University of Melbourne Professor Bruce Kemp attended the second Lorne Meeting and has been at every one since.

He said the meeting provided people with a chance to share ideas and innovations.

“People from a diversity of interests, biochemists, zoologists, biologists, physiologists, would go to this meeting and compare notes. There would be presentations on some of the fundamental aspects, particularly protein, chemistry and crystallography that were central to the disciplines.”

“If they had a problem and they wanted to get a new insight from a different technology, it would be a way of getting them started.”

Professor Robin Anders also first attended the meeting in its second edition.

He said scientists were fast to realise the value of having such a gathering.

“An indication of the regard in which the Lorne Meetings are held by the international biomedical research community is the number of attendees over the years who have won the Nobel Prize: Oliver Smithies, an American-British geneticist, attended the third Protein conference in 1978. Robert Huber, the eminent German biochemist, attended the Protein Conference in 1983, and then again in 1991 and 2002 after he won the Nobel Prize for Chemistry in 1988.”

The Lorne Meetings now attract more than 1,600 delegates annually, generating millions of dollars for the local economy. Several guest speakers from across the globe give talks at the event each year.

Much has changed to facilitate the program’s growth.

In recent years, the Cumberland Lorne Resort has taken over hosting the guests and the meetings are now divided into different groups to cater for different interests.

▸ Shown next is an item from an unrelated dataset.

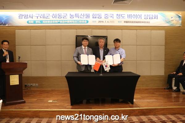경남 하동군과 전남 광양시, 구례군이 공동으로 7월 4일(목) 중국 청도 쉐라톤 호텔에서 영호남 우수 농수산식품 수출확대 상담회 및 판촉행사를 개최했다.

Five separate groups presently exist: the Proteins Structure and Function conference, the Genome Conference, the Lorne Cancer meeting, the Proteomics group and the Lorne Infection and Immunity group. All meet at Lorne in late summer over a period of about two weeks.

This year, the event was fortunate enough to be held to the introduction of restrictions surrounding the coronavirus.

The local community particularly benefited from this fortuitous timing, as ASN Events, who have helped organise the meetings since 2001, decided to donate a dollar for every delegate who attended the conference to the Lorne CFA.

This showing of appreciation to the area and its residents from the event was subsequently matched by the Cumberland Lorne Resort. Together they raised $5,516 for the local brigade.

Professor Anders said the meetings greatly benefited the scientific community, too.

“As much as the Lorne conferences have contributed to the local businesses and community, the contribution they have made to world understanding of biomedical sciences cannot be overstated.

“Each year, many of the leading biomedical researchers in Australia and numerous eminent scientists from other countries attend one of the Lorne Conferences, where they present the latest advances in protein, proteomics, cancer, genomics or infection and immunity research.”

Professor Kemp also emphasised the meetings’ contributions to different scientific fields.

“I just think they’ve been invaluable for researchers to get to know new techniques that they can apply to their particular problem and has attracted worldwide interest.”